-- Opening Marker --

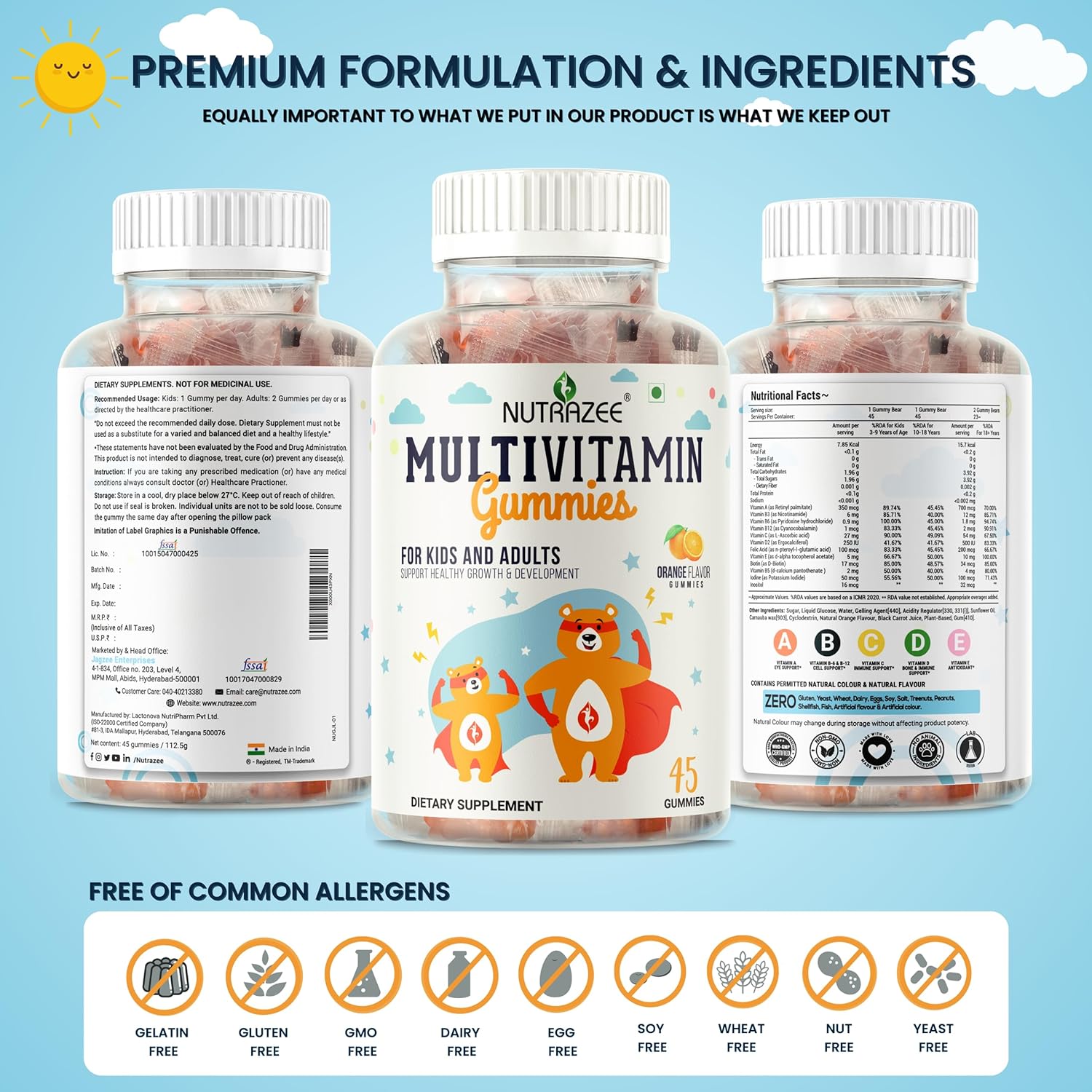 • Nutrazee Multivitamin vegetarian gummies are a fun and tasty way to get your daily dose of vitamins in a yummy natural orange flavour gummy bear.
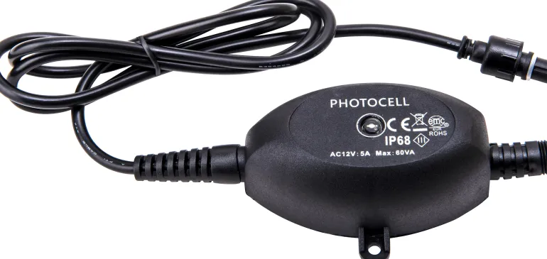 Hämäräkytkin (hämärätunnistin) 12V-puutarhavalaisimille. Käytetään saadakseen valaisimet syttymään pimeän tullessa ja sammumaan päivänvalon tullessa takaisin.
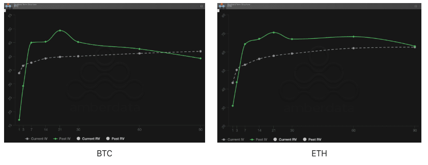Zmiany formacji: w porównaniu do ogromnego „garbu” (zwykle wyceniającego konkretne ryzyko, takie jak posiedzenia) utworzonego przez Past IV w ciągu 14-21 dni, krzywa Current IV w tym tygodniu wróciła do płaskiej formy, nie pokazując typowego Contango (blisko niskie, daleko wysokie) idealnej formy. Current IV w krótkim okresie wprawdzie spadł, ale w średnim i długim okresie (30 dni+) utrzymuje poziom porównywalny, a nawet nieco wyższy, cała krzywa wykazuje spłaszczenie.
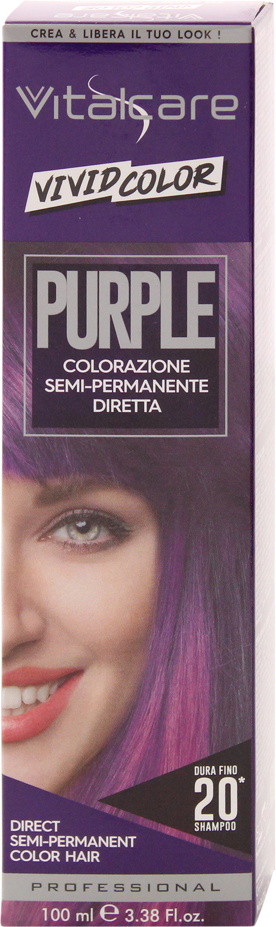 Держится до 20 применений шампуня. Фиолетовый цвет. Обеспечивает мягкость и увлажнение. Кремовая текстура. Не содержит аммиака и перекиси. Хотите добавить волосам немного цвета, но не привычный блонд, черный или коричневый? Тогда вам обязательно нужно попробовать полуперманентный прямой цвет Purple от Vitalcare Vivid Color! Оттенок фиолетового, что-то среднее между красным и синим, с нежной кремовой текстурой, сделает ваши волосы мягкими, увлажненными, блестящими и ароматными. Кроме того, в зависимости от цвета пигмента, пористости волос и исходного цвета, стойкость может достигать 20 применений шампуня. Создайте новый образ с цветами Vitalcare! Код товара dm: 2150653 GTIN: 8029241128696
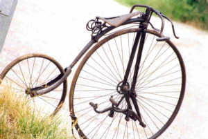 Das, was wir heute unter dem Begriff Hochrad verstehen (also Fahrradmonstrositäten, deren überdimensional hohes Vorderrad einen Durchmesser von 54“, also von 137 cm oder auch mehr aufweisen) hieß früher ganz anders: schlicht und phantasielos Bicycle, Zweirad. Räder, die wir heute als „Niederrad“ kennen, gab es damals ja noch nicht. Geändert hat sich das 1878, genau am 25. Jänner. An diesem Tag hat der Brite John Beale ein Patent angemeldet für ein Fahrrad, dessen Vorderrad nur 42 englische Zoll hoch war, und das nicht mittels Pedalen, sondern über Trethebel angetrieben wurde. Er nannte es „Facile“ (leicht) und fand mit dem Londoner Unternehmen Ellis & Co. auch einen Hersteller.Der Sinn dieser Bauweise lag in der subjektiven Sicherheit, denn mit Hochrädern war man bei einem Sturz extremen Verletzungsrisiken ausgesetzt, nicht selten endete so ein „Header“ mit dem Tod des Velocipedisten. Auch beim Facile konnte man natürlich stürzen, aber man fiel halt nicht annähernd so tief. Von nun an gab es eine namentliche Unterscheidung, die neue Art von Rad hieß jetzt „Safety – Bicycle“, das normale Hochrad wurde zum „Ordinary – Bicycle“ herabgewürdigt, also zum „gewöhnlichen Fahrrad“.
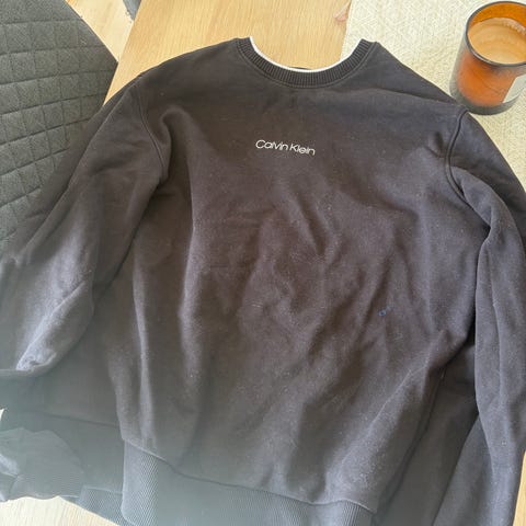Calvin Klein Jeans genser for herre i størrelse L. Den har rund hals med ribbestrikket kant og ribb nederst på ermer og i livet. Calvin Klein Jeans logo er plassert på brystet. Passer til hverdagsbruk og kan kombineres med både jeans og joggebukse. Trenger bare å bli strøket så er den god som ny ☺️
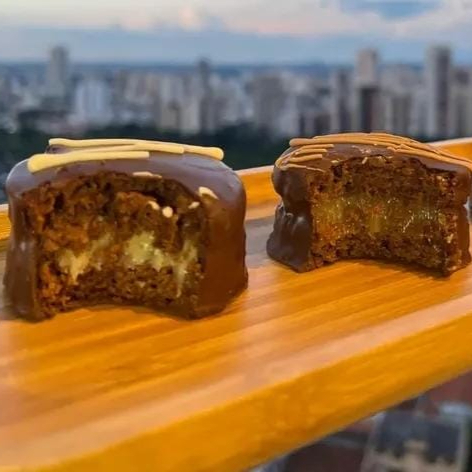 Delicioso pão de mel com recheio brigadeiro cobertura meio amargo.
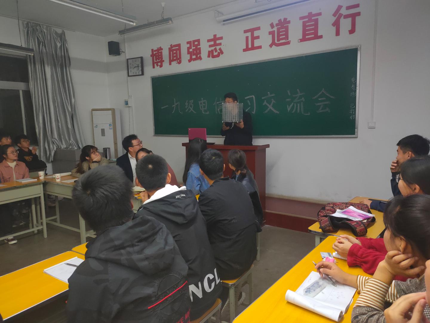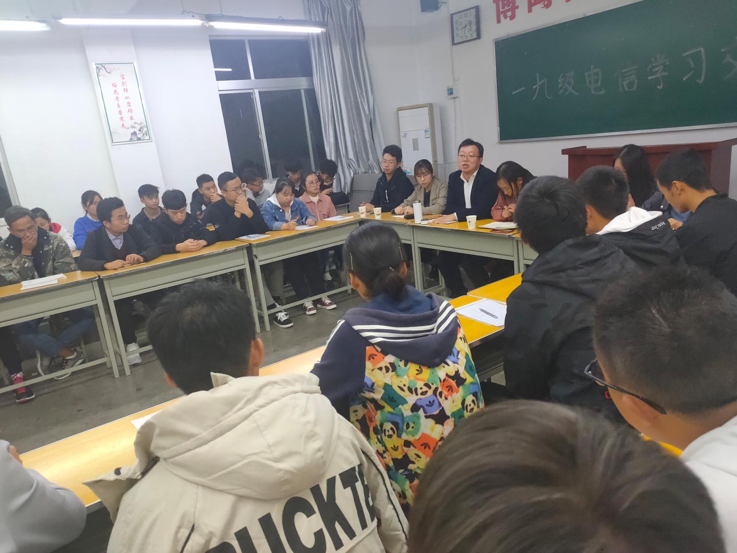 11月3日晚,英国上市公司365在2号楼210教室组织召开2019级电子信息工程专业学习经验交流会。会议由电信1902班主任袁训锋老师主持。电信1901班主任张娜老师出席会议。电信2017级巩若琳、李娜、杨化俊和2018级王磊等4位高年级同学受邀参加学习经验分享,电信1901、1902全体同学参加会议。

-- Closing Marker --
-- Opening Marker --

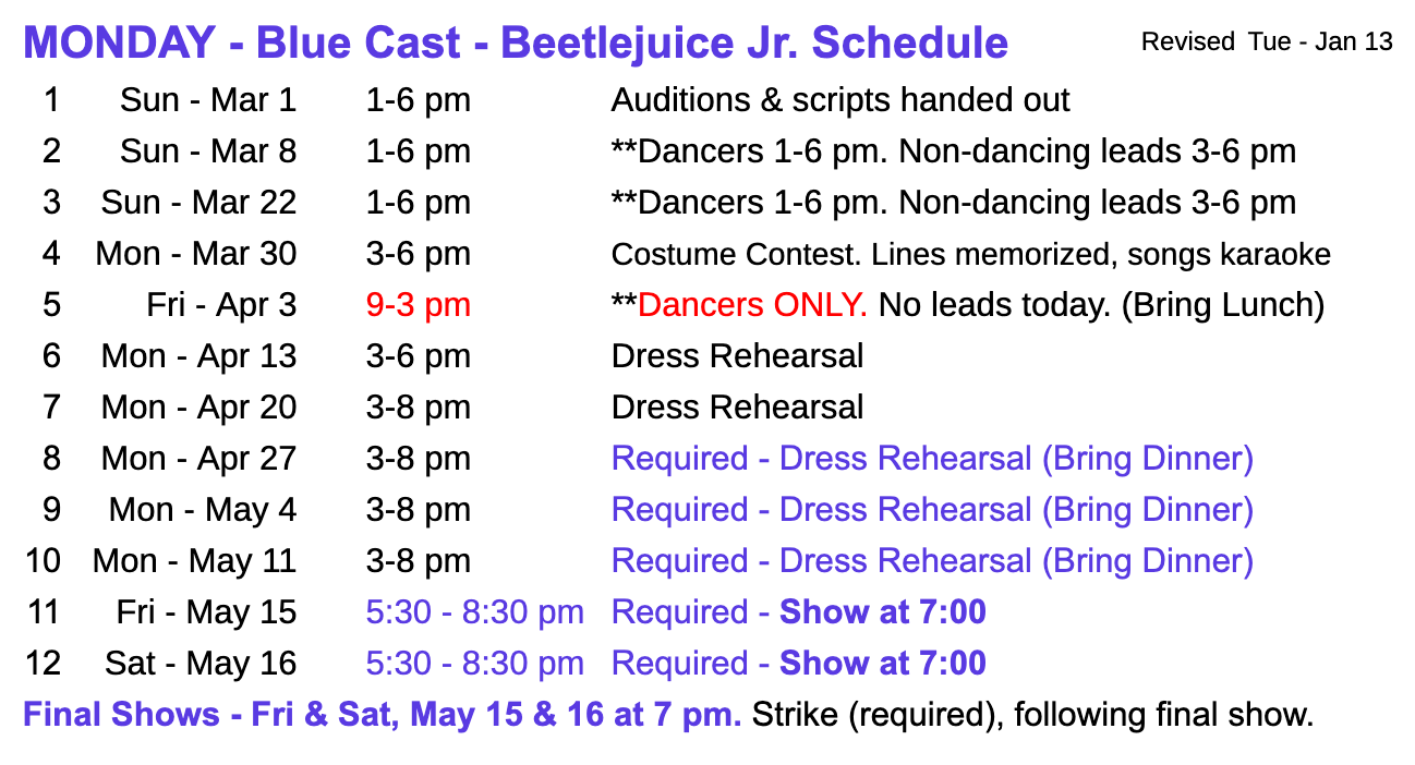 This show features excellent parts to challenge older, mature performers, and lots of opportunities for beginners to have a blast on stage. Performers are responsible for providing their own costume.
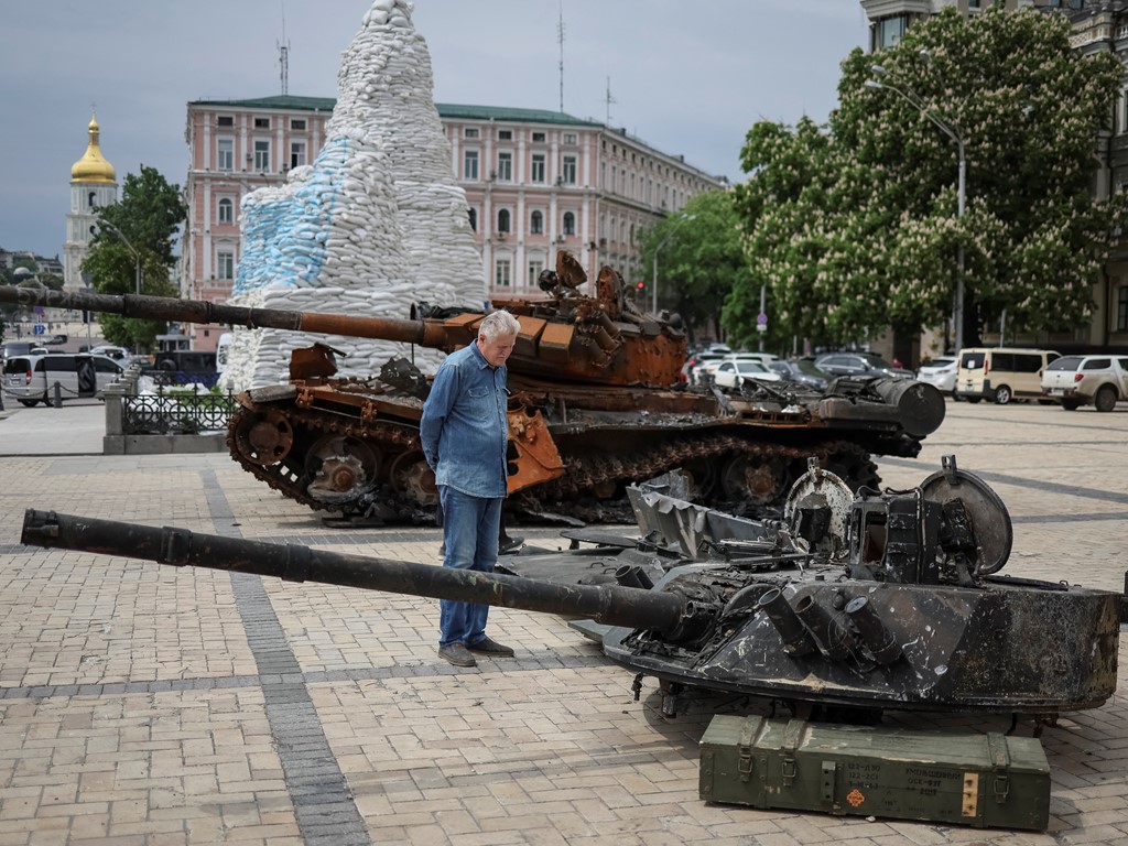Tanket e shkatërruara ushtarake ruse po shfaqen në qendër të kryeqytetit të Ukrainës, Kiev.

-- Closing Marker --
-- Opening Marker --

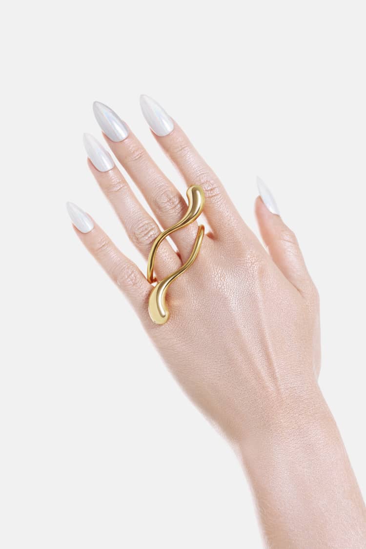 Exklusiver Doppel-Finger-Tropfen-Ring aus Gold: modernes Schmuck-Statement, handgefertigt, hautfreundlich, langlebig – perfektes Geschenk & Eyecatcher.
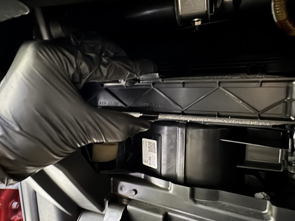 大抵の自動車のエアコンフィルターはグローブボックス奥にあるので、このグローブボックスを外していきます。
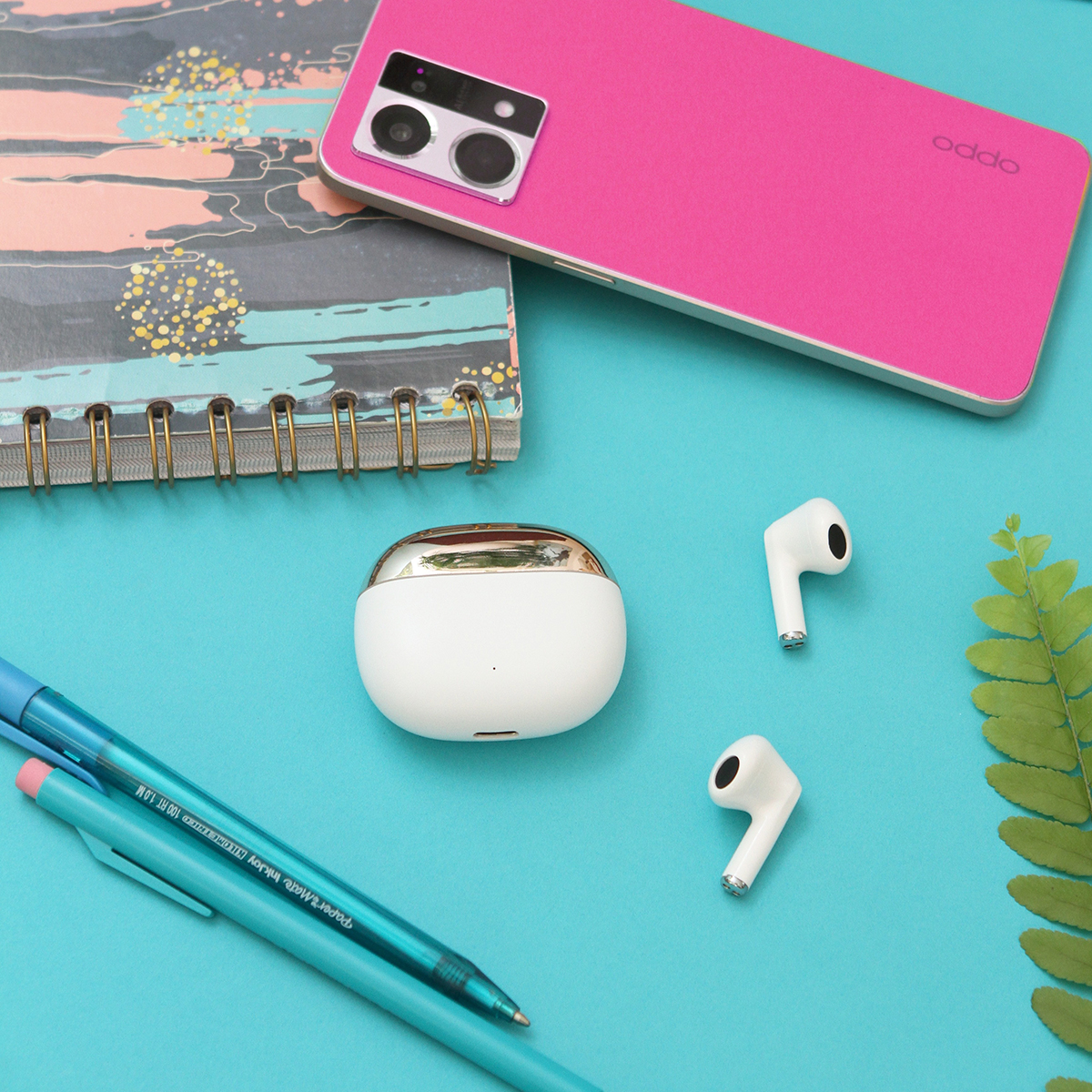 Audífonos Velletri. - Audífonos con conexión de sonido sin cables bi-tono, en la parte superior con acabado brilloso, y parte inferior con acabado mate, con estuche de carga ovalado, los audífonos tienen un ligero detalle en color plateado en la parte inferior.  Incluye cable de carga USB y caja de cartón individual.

-- Closing Marker --

# Exercise objective:
Although pictures appear among the records above, none are to be output; print exactly the lines from the line containing "flavour gummy bear." through the line containing "Hämäräkytkin (hämärätunnistin) 12V-puutarhavalaisimille.".

# Task output:
 • Nutrazee Multivitamin vegetarian gummies are a fun and tasty way to get your daily dose of vitamins in a yummy natural orange flavour gummy bear.
 Hämäräkytkin (hämärätunnistin) 12V-puutarhavalaisimille. Käytetään saadakseen valaisimet syttymään pimeän tullessa ja sammumaan päivänvalon tullessa takaisin.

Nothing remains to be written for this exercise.